**Records excerpted from a collection**
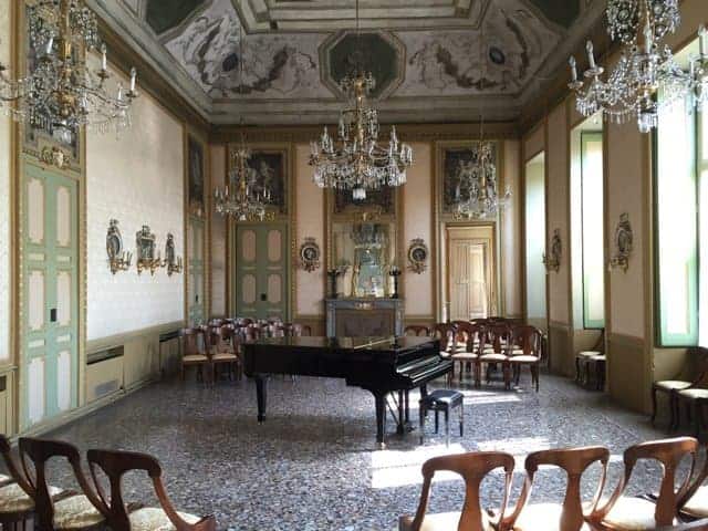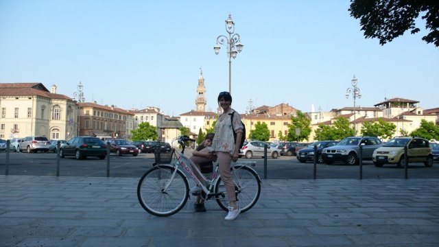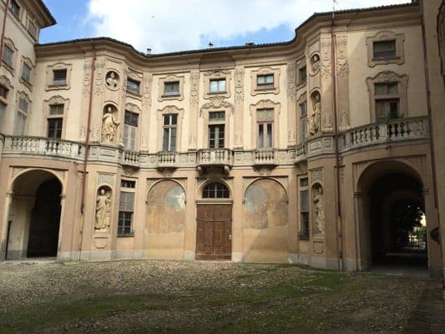 Stupiti e carichi di storia riprendiamo la nostra pedalata e qua e là ci fermiamo fuori da palazzi signorili che nascondono al loro interno scaloni, affreschi, volte e luoghi dove si è fatta la storia dei Gonzaga e dei Savoia. Uno di questi è Palazzo Gozani Treville che ospita l’Accademia Filarmonica della città. Vale la pena suonare il campanello e chiedere di entrare … ma lasciate rigorosamente fuori le biciclette, non sono le benvenute all’interno!
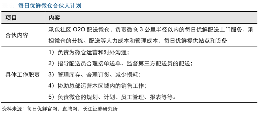 經(jīng)典案例:每日優(yōu)鮮,推進“微倉合伙人計劃”,廣泛招募“渠道合作伙伴”,由此完善物流網(wǎng)點配置,強化前置倉庫存管理、物流配送、上門服務等,統(tǒng)籌前置倉信息管理、計劃管理、會員服務等。
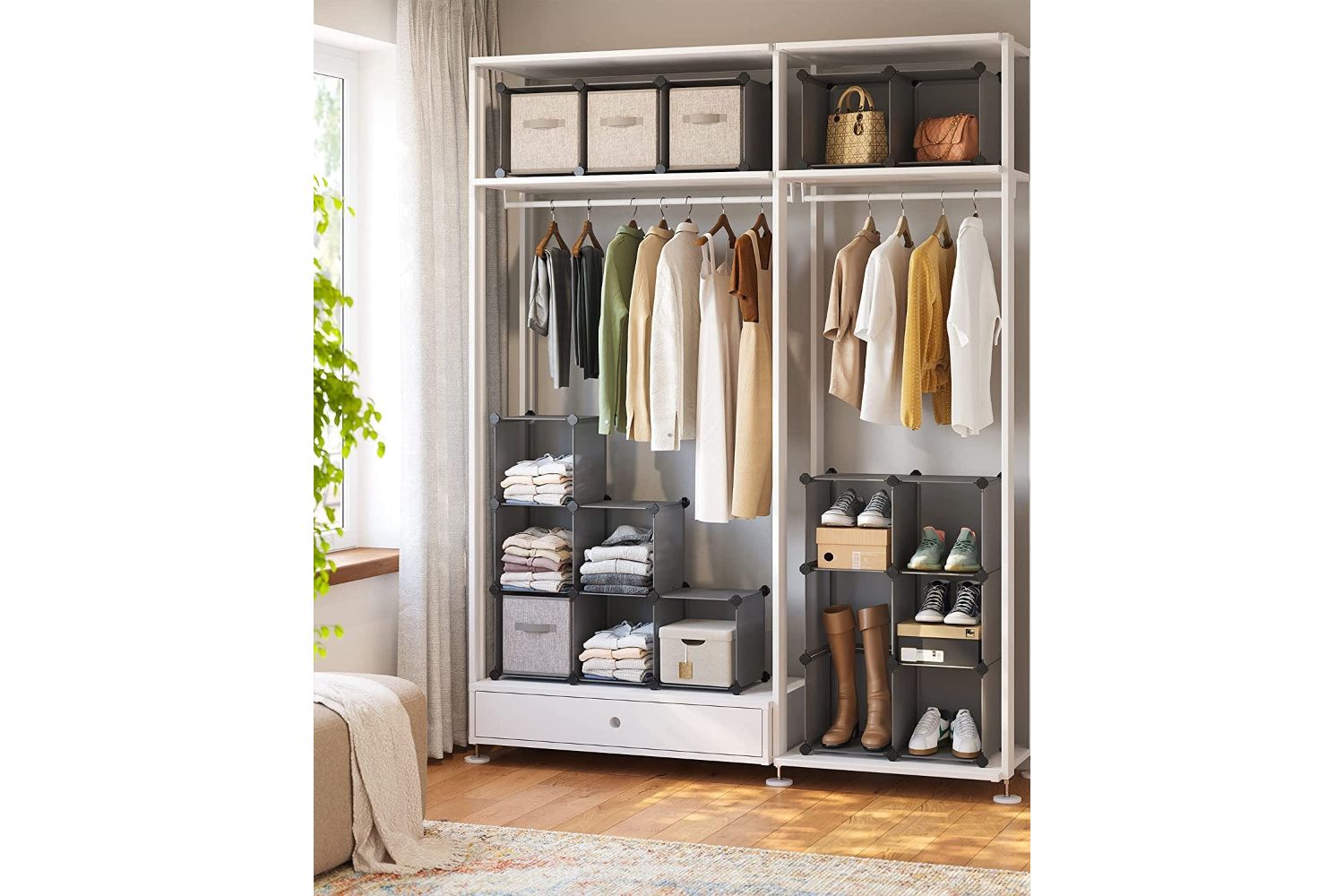 Build the shelving unit in steps and place it under your stairs in the hallway to store shoes and bags. Place the shelf system upright in your bedroom and use it as a wardrobe. Split the 16 cubes and set 3 small shelves in rooms with limited space. Place about a cupboard with 6 cubes in your bathroom to keep all your hygiene items tidy. Use the plug-in shelf system to create a spacious run for hamsters, guinea pigs, house rats etc. to build.
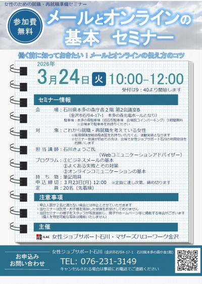 メールとオンラインの基本セミナーを金沢市にて開催します。
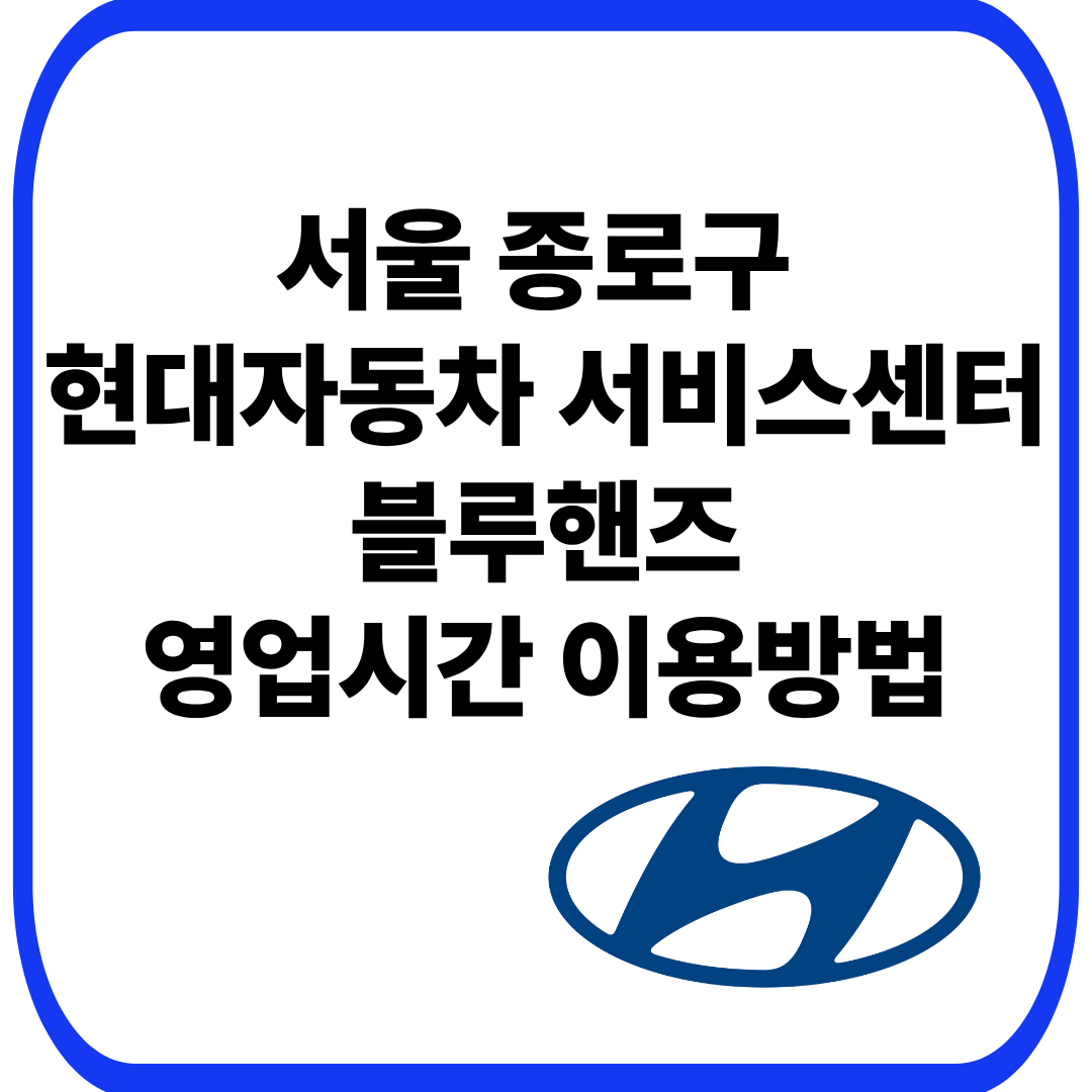 서울 종로구에는 현대자동차 공식 서비스센터인 블루핸즈(Blue Hands)가 총 4곳 운영되고 있습니다.
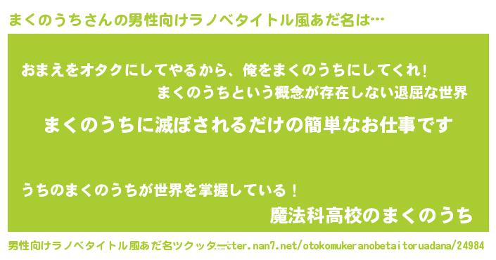 | ヒーロー風カッコイイあだ名 | 『慈愛の使者まくのうち』『銀牙騎士マク』 |
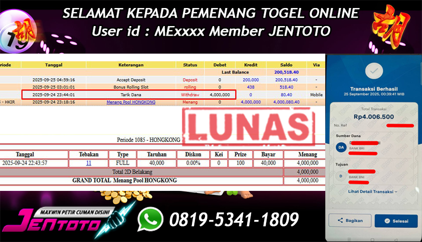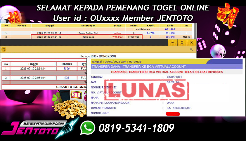 Selamat kepada User id Jentoto : NA*** pada hari ini, tanggal 20 September 2023 berhasil memenangkan JP Paus di permainan Togel Hongkong dengan total hadiah kemenangan Rp. 5.030.000 dan Di BAYAR LUNAS!!
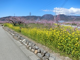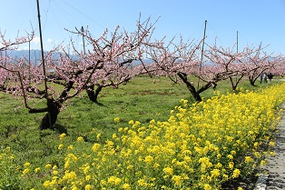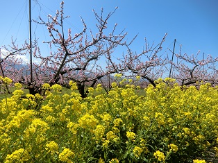 山梨県立山梨高等学校 > 学校から > 桃の花と菜の花 2022年4月5日カテゴリー: 学校から 桃の花と菜の花 桜は満開を過ぎましたが、学校近くの「かのがわ広場」付近の桃畑では桃の花が見頃を迎えています。 桃色と菜の花の黄色と空の青色のコントラストが映えています。
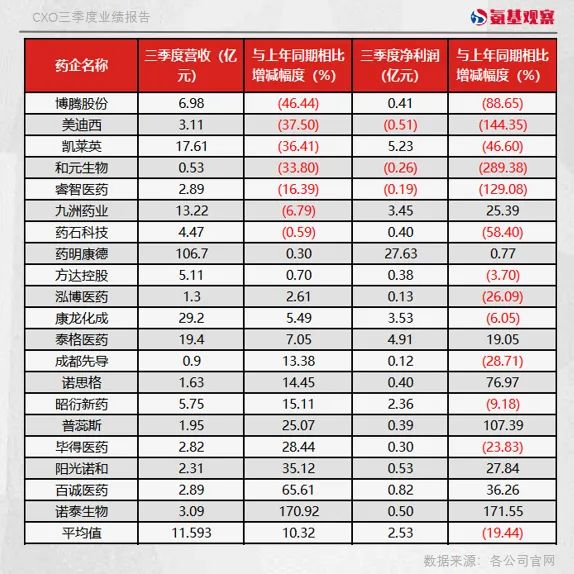 上半年CXO板块就已经初现颓势,到了三季度,业绩增速进一步下降。

**Work to complete**
Reproduce the lines from the line with "ヒーロー風カッコイイあだ名 | 『慈愛の使者まくのうち』『銀牙騎士マク』 |" through the last line of the entries exactly, including both ends and excluding pictures.

**Response area**
 | ヒーロー風カッコイイあだ名 | 『慈愛の使者まくのうち』『銀牙騎士マク』 |
 Selamat kepada User id Jentoto : NA*** pada hari ini, tanggal 20 September 2023 berhasil memenangkan JP Paus di permainan Togel Hongkong dengan total hadiah kemenangan Rp. 5.030.000 dan Di BAYAR LUNAS!!
 山梨県立山梨高等学校 > 学校から > 桃の花と菜の花 2022年4月5日カテゴリー: 学校から 桃の花と菜の花 桜は満開を過ぎましたが、学校近くの「かのがわ広場」付近の桃畑では桃の花が見頃を迎えています。 桃色と菜の花の黄色と空の青色のコントラストが映えています。
 上半年CXO板块就已经初现颓势,到了三季度,业绩增速进一步下降。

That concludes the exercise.